EDIT: The kid didn't run up to him or yell at him...so yeah...he's an asshole.


----------



## Cactus (Jul 28, 2011)

It's all about how you approach him, I've heard.


----------



## ManicPowerBomb (Jan 13, 2007)

So far it seems he's cool. I can understand being in his shoes and dealing with a lot of people you wouldn't want to but honestly this is Professional Wrestling so let's not get it twisted even other wrestlers show unprofessionalism. Seems like he's the real deal as far as being his character which is really him also.


----------



## LastRide (Oct 11, 2011)

He's the biggest jerk in the history of the business.


----------



## Theff (Aug 1, 2011)

JDman said:


> Saw him at an airport, blew off a little kid and gave him a bad look.
> 
> EDIT: The kid didn't run up to him or yell at him...so yeah...he's an asshole.



THis^^^ Punk says its about how you approach him, but thats 100% bull shit. Its how hes feeling at that current moment in time. I've heard hes a complete cock sucker.


----------



## Romanista (Jul 13, 2011)

judging from his tweets, he's a big jerk and big troll of wrestling industry.


----------



## WrestlingforEverII (Jan 31, 2011)

He is a bit of an ass but oh well thats him. Im not going to judge. I still like him for the most part.


----------



## Ekaf (Jun 28, 2011)

Doesn't like to be approached from what I've heard.


----------



## A-C-P (Jan 5, 2010)

I've had a chance to talk to Punk a couple times. Now this was a while back when he was wrestling for All-star Championship Wrestling and I was doing some backstage work for them at the time, so he was just kind of starting out at this time and he was awesome, as nice as they come. Like I said though this is when he was first starting out so i am sure alot has changed since then, but its all I have to judge him by.

Sidenote: I also learned from working with ACW that Hornswoggle and Ken Anderson are a blast to hang out with!


----------



## zombiemaster (Mar 5, 2010)

Cactus said:


> It's all about how you approach him, I've heard.


Yeah, approach him at an Autograph signing/WrestleMania Axxes & he'll have to be nice-ish to you


----------



## WWE (Jul 16, 2011)

Obviously if he was at a scheduled autograph signing, he will be really nice.

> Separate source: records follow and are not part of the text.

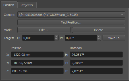 Add positions for each camera in Positions table and detect their position using Position Finder.
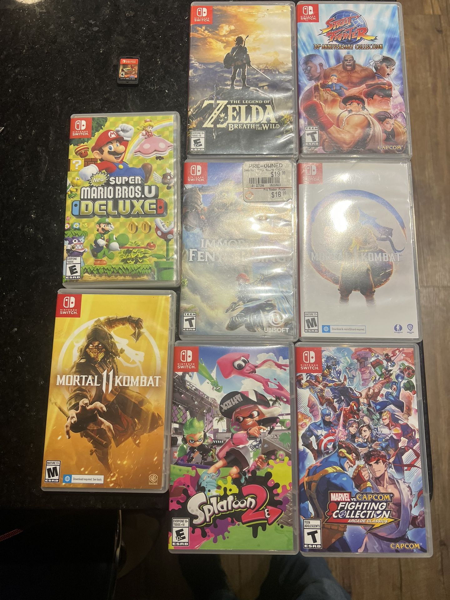 Nintendo switch The box For conect the TV 2 remote controls Nintendo switch original controls Games Sonic forces Super Mario deluxe Inmortals fénix risign Mortal combat 11 Street fighter 30 years aniversari Mar el Capcom street fighter Mortal Kombat 1 Splatoon 2 Super Mario wonder Zelda breath of the wild
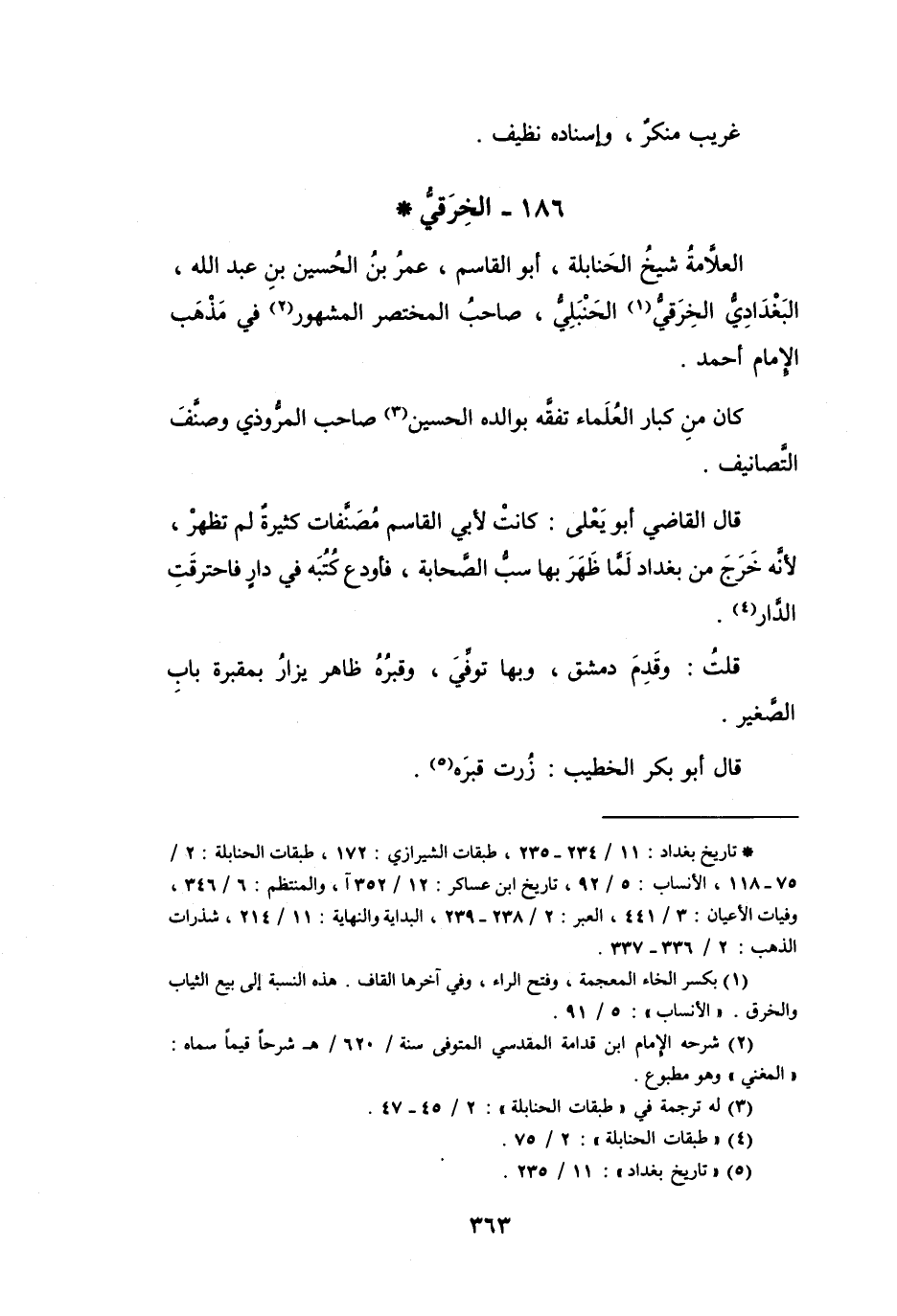 186 - الخِرَقيُّ أَبُو القَاسِمِ عُمَرُ بنُ الحُسَيْنِ بنِ عَبْدِ اللهِ *

But if he is at like an airport or something, and you approach him and ask for an autograph, yeah I guess what people are saying here. He would just flip you off


----------



## HankHill_85 (Aug 31, 2011)

I had a bad Punk experience after a house show two months ago, six days after Summerslam.

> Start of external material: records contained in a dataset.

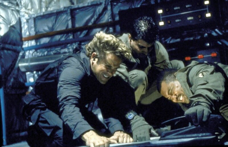 Ein Spezialteam der Air Force, darunter der Chemie-Experte Rick Harding (Michael Dudikoff), dringt mit Hilfe eines Shuttles in die Maschine ein und versucht, es mit den Bösewichtern aufzunehmen.Bild: © RRS
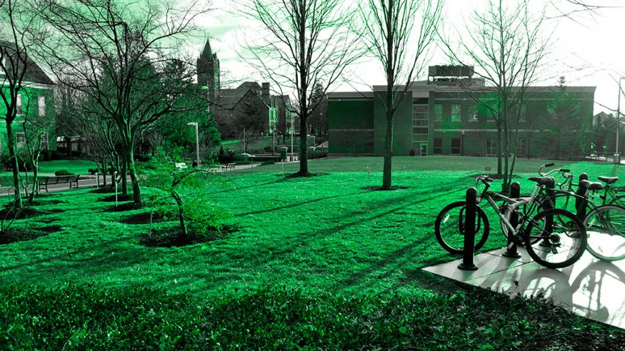 Ohio Wesleyan’s first Green Week will be held March 25-29, with events for both the campus and Delaware communities. The planners earned two external grants to help with the observance. (Photo by Taylor Rivkin ’14, photo illustration by Doug Thompson)
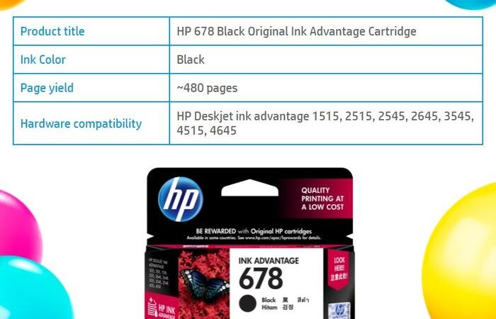 | Tahan Lama dan Awet | Tipe: Tinta Original dari Hewlett-Packard (HP) |
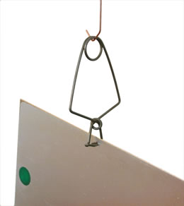 Door de speciale manier van klemmen blijft slechts een gering ophangpuntje op het produkt zichtbaar.
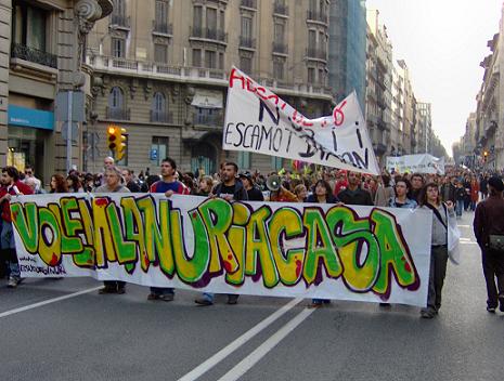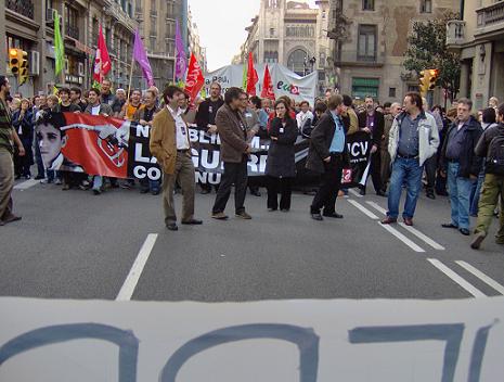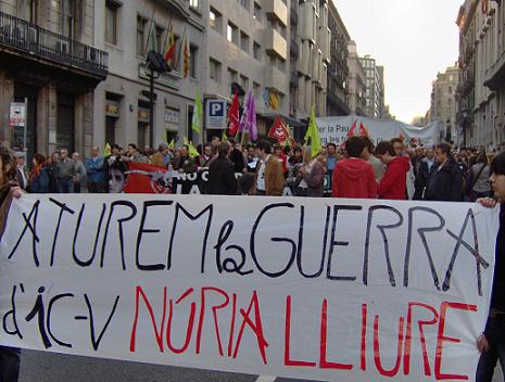 Unos minutos después de empezar la marcha, este grupo desplegó dos pancartas justo delante de la Iniciativa en las que ponía "Volem la Nuria a casa" y "Aturem la guerra de ICV. LLibertad Nuria!" Asimismo se cantaron consignas contra la comitiva de Iniciativa, en la cual se encontraban importantes cargos de Iniciativa como el diputado Joan Herrera, entre las que cabe destacar " Nuria al carrer, Saura a la presó"; y "Nuria llibertat". Estos gritos lograron poner en evidencia al conjunto de militantes de Iniciativa, que se encontraban allí dando un paseo hipócrita por la paz para hacerse una foto y lograr arrancar unos votos de cara a las próximas elecciones municipales. Ante los gritos que se proclamaron contra ellos, respondieron de una manera triste y ridícula con consignas como " No a la guerra. Aznar a la presó".
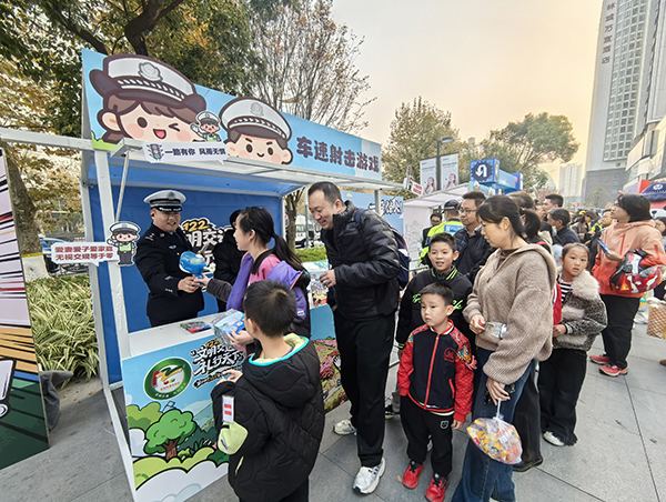 现场游戏互动设置了交通安全套圈、道路交通标志识别、交通安全知识快问快答、酒后距离感测试、车速射击游戏、安全出行扔沙包、emoji猜猜猜九个项目,由来自各市(州)的宣传教官现场引导,通过互动增强群众对道路交通安全法律法规的理解。
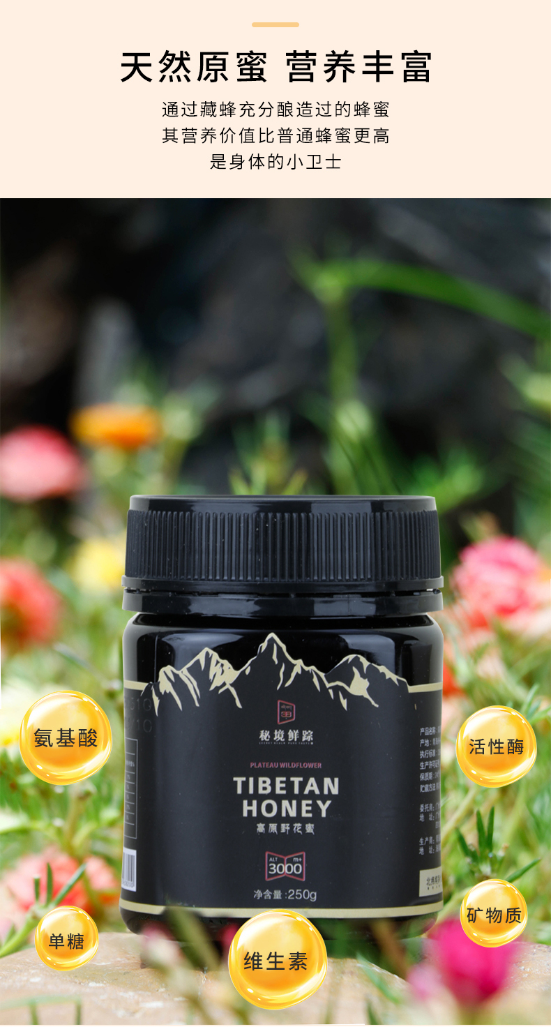 北纬纯净食品|38°高原野花蜜正宗藏蜜 原蜜蜂蜜250g

Before the show, just as most fans do, a bunch of us were standing around the parking area watching guys arrive at the arena, and we saw that Punk and Kofi Kingston were traveling buddies (Kofi driving).

After the show that night, my brother and I ended up at a gas station near the arena and we saw Kofi pumping gas. Just one of those cool chance meetings, though I won't deny that I had hoped to see SOMEONE WWE-related since the gas station was close to the arena. My brother and I asked Kofi for a quick photo, which he was cool with. I surmised that Punk had to be inside paying for gas and whatever else, so we just hung back around my car.

Punk came out and I politely asked him for a quick photo, and he completely ignored me, seemed to snicker to himself, hopped in the SUV with Kofi and they drove away.

I was pretty pissed off at the time. This was around 11:00 at night, there was basically nobody else at this gas station (nobody that were wrestling fans, anyway) and I wasn't a part of some huge mob of marks clamoring for autographs. (frankly, I don't put any stock into autographs unless they're personalized - I prefer taking photos with the people I admire as it's more personal)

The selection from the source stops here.